Award-winning student news since 1978

The Brookhaven Courier

Award-winning student news since 1978

The Brookhaven Courier

Award-winning student news since 1978

The Brookhaven Courier

Music faculty shares guitar wisdom

Photo by Jubenal Aguilar | Carlo Pezzimenti (left), Brookhaven College music adjunct faculty, and Leslie Enlow perform a song during a guitar recital April 9 at the Little Chapel in the Woods at Texas Woman’s University.

By John C. McClanahan
Editor-at-Large

Since 1979, Carlo Pezzimenti, a Brookhaven College charter music professor and world-class guitarist, has taught students the nuances of classical guitar and musicianship. Forty years after signing on at Brookhaven, Pezzimenti still sits with aspiring guitarists in a downstairs studio in D Building and teaches them to fine tune their playing techniques.

Last December, he traveled over 5,000 miles to Rome to play at the Vatican. There, he strummed musical phrases on his acoustic guitar for a solo program. Pezzimenti played “Silent Night” with the Ursuline Academy of Dallas choir during the Mass of The Holy Innocents, backing the group on his guitar. He also performed with the choir in churches in Rome and Florence.

“Some of these unbelievable artists left some amazing works of art for the rest of us to be inspired by,” Pezzimenti said. “Culturally, [the Vatican] is an amazing place. The whole city is amazing.”

MASTERSHIP

Pezzimenti is no stranger to Italy. At age 13, he moved to Florence with his family from his native Cleveland. He fell in love with guitar after attending concerts where classically trained musicians elegantly plucked strings and strummed chords. Soon after, he decided he wanted to master the instrument.

In the late ’60s, Pezzimenti enrolled in Loyola University Chicago’s Rome campus to study music where he trained under tutelage of guitar master Sergio Notaro. He earned his bachelor’s and master’s degrees in music theory from the Conservatory of Music Francesco Morlacchi in Perugia, Italy in 1973.

Later, in the ’70s, Pezzimenti studied music under world-famous musician Andrés Segovia, who he considers one of the most influential acoustic guitarists of the 20th century. In the summers of 1973, Pezzimenti attended Segovia’s master classes in Santiago de Compostela, Spain.

“It was amazing, because [Segovia] was this person who had friends who were people we read about in books,” Pezzimenti said. “Picasso was his friend.”

He said Segovia’s influence helped his approach to music and musicianship.

In the late ’70s, Pezzimenti moved to Alicante, Spain, where he studied Spanish music, and he continued to study under Segovia. After Pezzimenti returned to the U.S. in the mid-1970s, he continued to take private lessons from Segovia through the ’80s. Pezzimenti visited him in Spain almost every year until the legendary musician died in 1987.

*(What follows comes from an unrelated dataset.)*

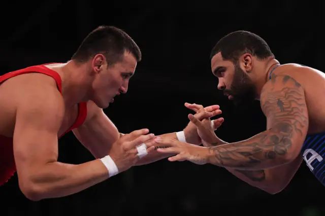 Айаал Лазарев бүгүн эркин күрөш боюнча 125 килограмм салмакта алгачкы беттешинде утулуп калды. Ал 1/8 финалдык баскычта АКШлык спортчу Гейбл Стивенсон менен кармашты. Америкалык балбан Лазаревди 10:0 эсебинде жеңди. Эми эгер Стивенсон финалга чейин жетсе, Лазаревде коло байге үчүн күрөшүүгө мүмкүнчүлүк болот.
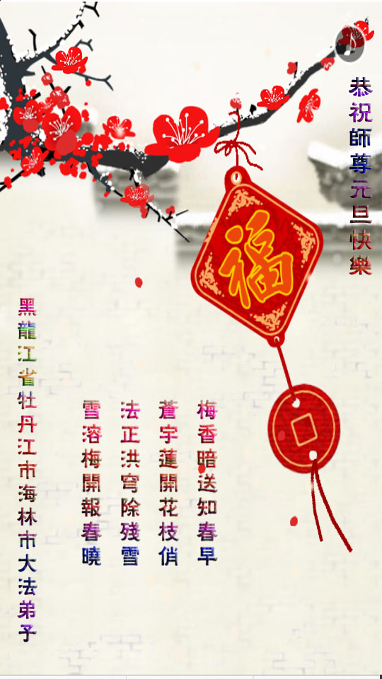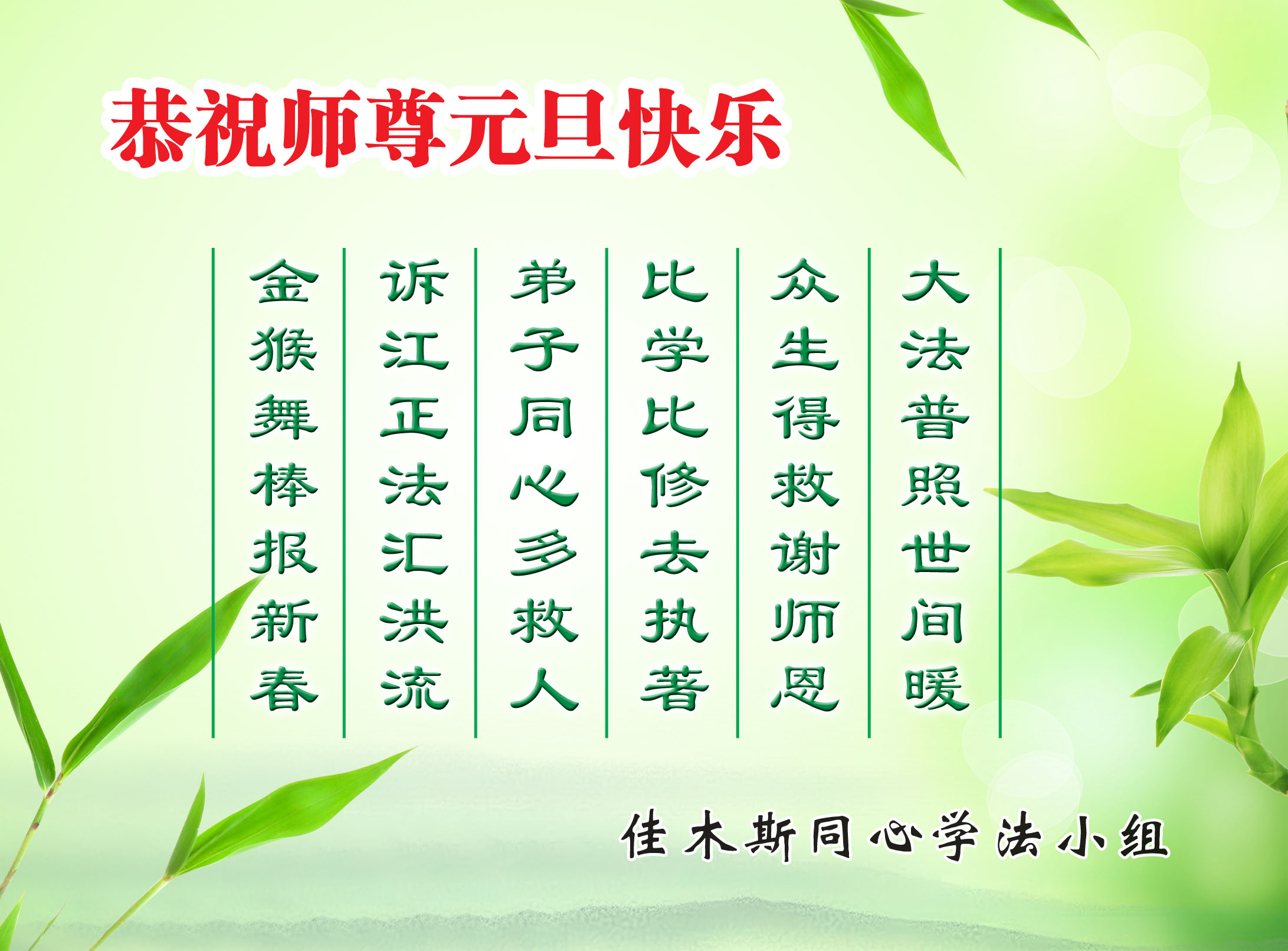 鹤北林业局全体大法弟子诚心恭祝师尊新年快乐!我们一定按照师尊的要求正念正行做好“三件事”多救人,紧跟师尊,完成使命,请师尊放心。

A few years before June 1980, Segovia gave Pezzimenti a special citation for outstanding achievement in the performing arts. In the citation, Segovia said, “I wish Carlo Pezzimenti the success he deserves for his young talent and will of working.”

MUSIC PHILOSOPHY

Since he first picked up a guitar, Pezzimenti has played venues around the world, including North and South America, Europe and China. During his decades-long career, he has played with ensembles such as the Dallas Chamber Orchestra, the Atlantic Symphony Orchestra and the Las Cruces Symphony Orchestra. In 1982, Pezzimenti performed at Carnegie Hall.

“I’ve listened to [Carlo] teach,” Octavio Gutierrez, music department chair, said. “Even though it could be the millionth time he teaches that same song, still he has some freshness of creation on that. I think the way he plays, he’s not just playing something. He’s creating something. And that’s what every musician should be.”

Pezzimenti has taught music at Texas Woman’s University since 1981. But whether Pezzimenti conducts a lesson at TWU or Brookhaven, he tries to convey the same music philosophy shared by his mentors. Pezzimenti said he learned there are three qualities other than talent a student must have to be a great musician: tenacity, perseverance and patience.

“You hear a lot of noises about people being geniuses,” he said. “That’s really rare – I mean, incredibly rare – in the arts. Amazingly rare, but it’s a lot of work. You have to practice. That’s the bottom line. You’ve got to practice. And you got to be patient, and you got to persevere.”